There was a silence of a few seconds after the captain had finished his story, all the men sitting with eyes fixed on him, and not a little surprised at the results of their call. Drysdale was the first to break the silence, which he did with a long respiration; but, as he did not seem prepared with any further remark, Tom took up the running.
“What a strange story,” he said; “and that really happened to you, Captain Hardy?”
“To me, sir, in the Mediterranean, more than forty years ago.”
“The strangest thing about it is that the old Commodore should have managed to get all the way to the ship, and then not have known where his nephew was,” said Blake.
“He only knew his nephew’s berth, you see, sir,” said the Captain.
“But he might have beat about through the ship till he had found him.”
“You must remember that he was at his last breath, sir,” said the Captain; “you can’t expect a man to have his head clear at such a moment.”
“Not a man, perhaps; but I should a ghost,” said Blake.
“Time was everything to him,” went on the Captain, without regarding the interruption, “space nothing.

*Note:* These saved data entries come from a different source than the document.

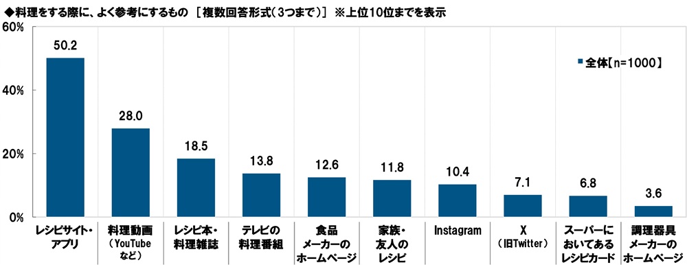 料理をする際に、よく参考にするもの 1位「レシピサイト・アプリ」2位「料理動画」3位「レシピ本・料理雑誌」
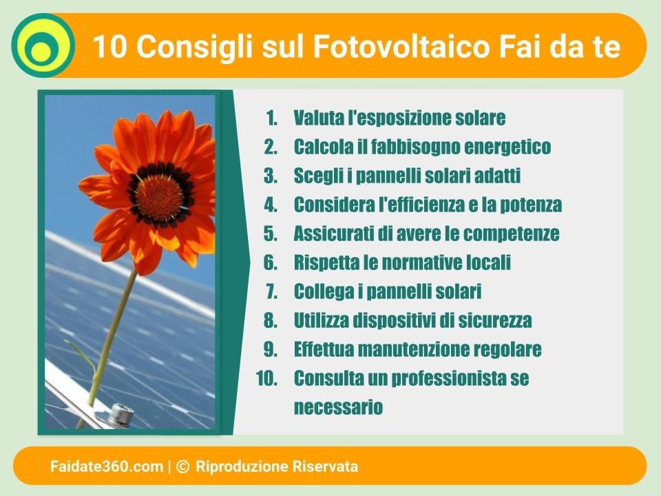 Per determinare la potenza necessaria del tuo impianto fotovoltaico fai da te, è importante considerare i seguenti fattori:
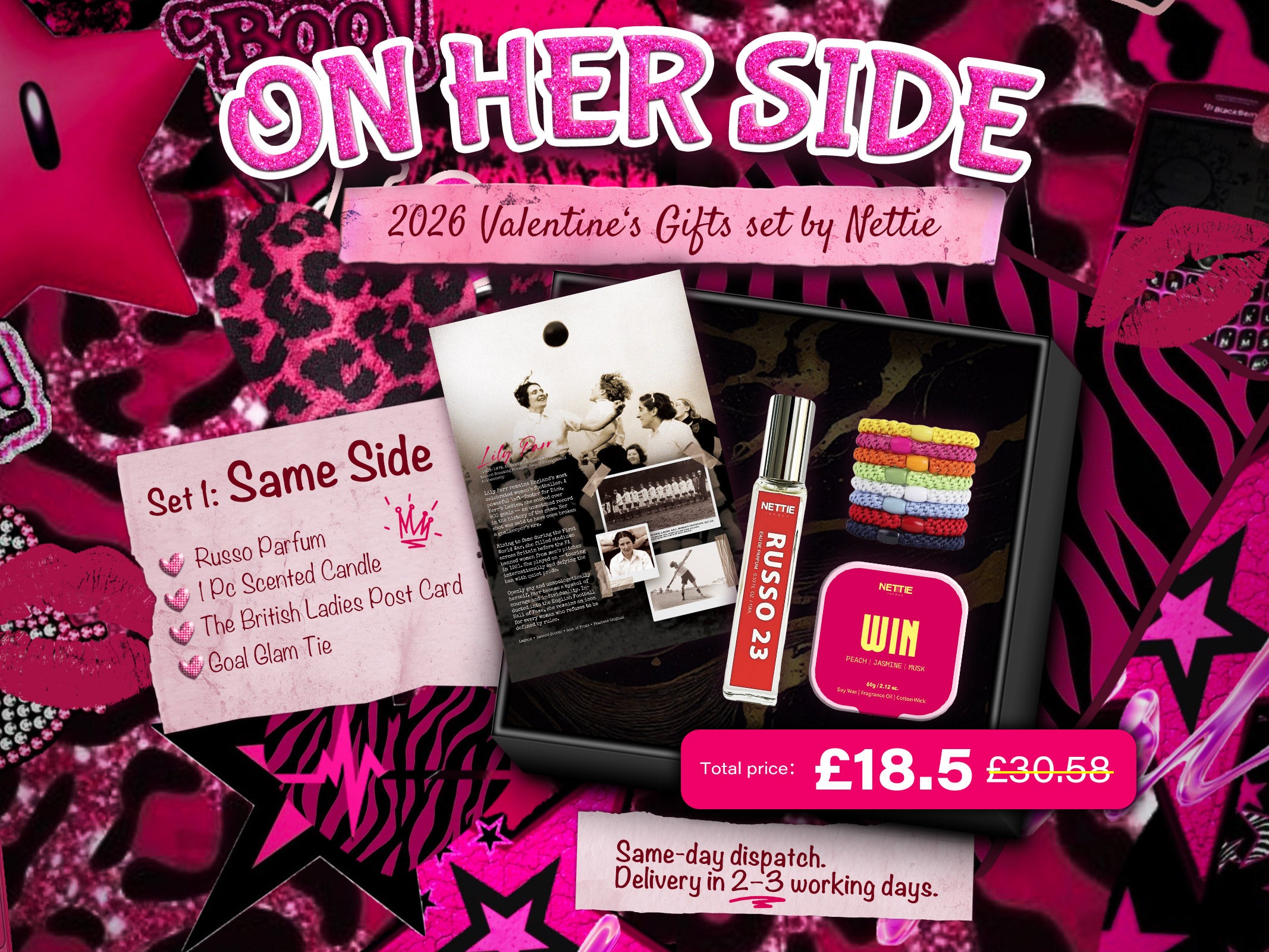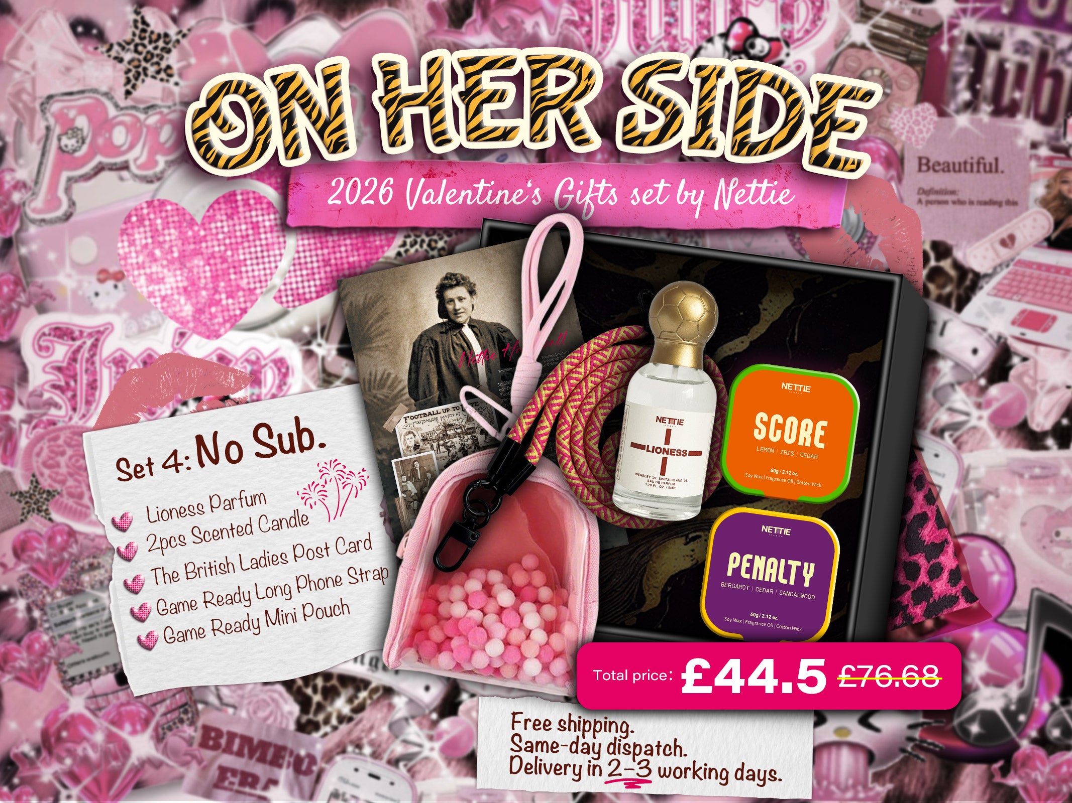 Nettie’s product world spans perfume, candles, lifestyle accessories, sports beauty, cultural collectibles, and curated gift sets — all rooted in the history, spirit, and emotions of women’s football.
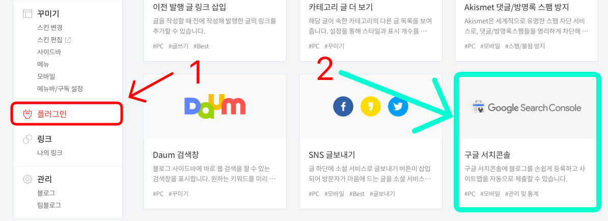 플러그인에서 구글 서치 콘솔을 찾습니다.
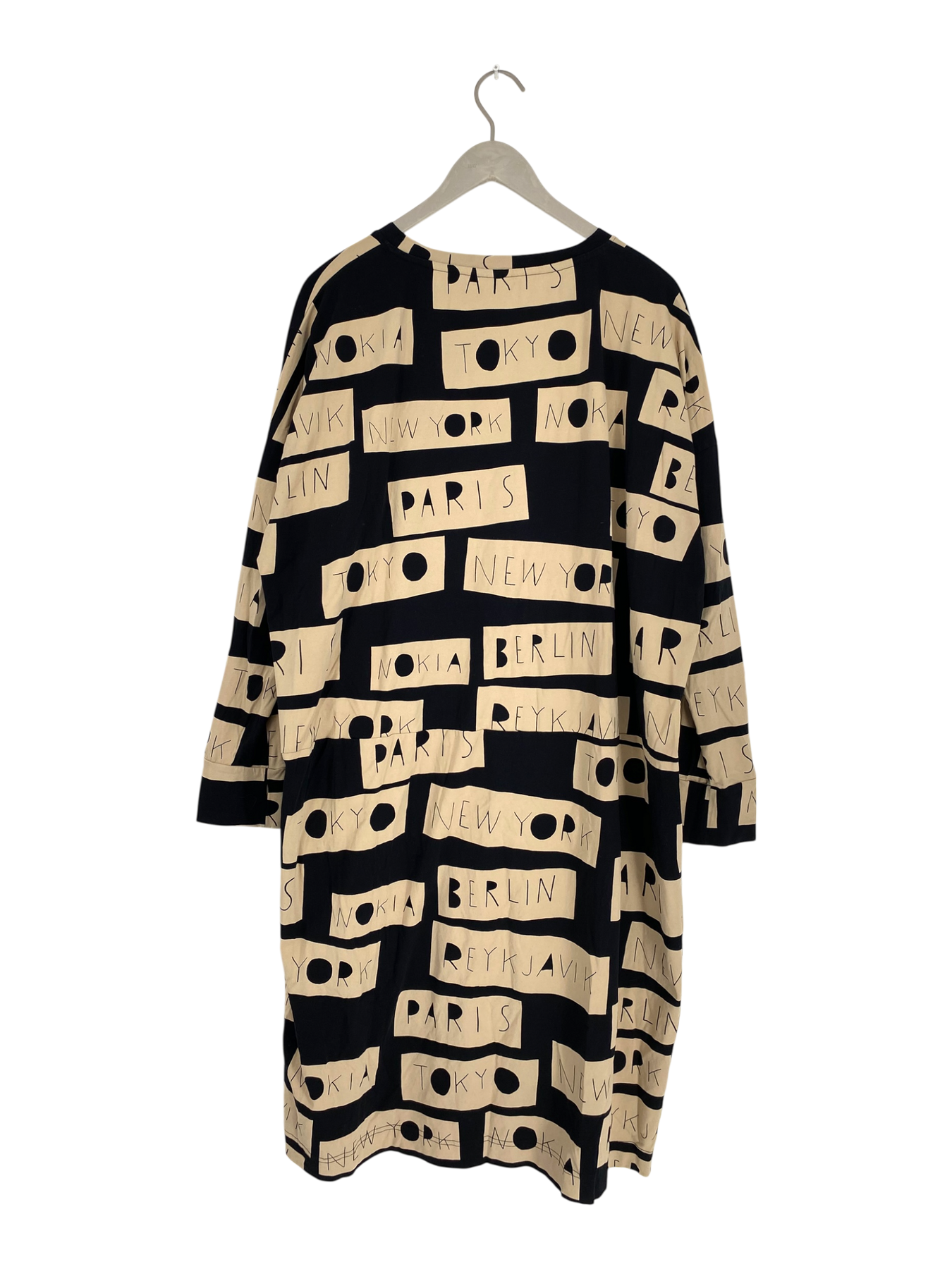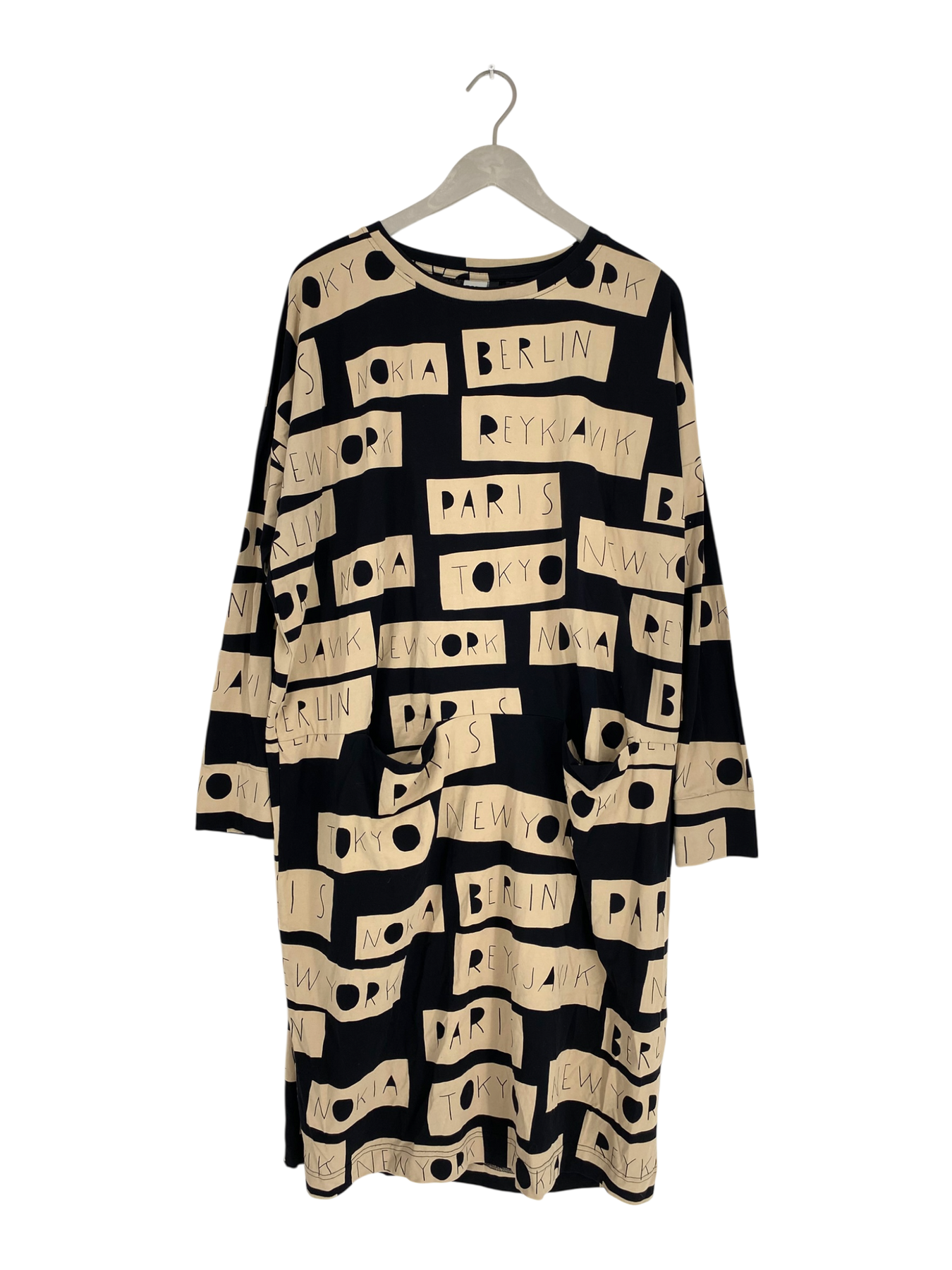 Papu women's long tunic dress with two front pockets in No distance -print.

But the strangest part of it is that I should have seen the figure at all. It’s true I had been thinking of the old uncle, because of the boy’s illness; but I can’t suppose he was thinking of me, and, as I say, he never recognized me. I have taken a great deal of interest in such matters since that time, but I have never met with just such a case as this.”
“No, that is the puzzle. One can fancy his appearing to his nephew well enough,” said Tom.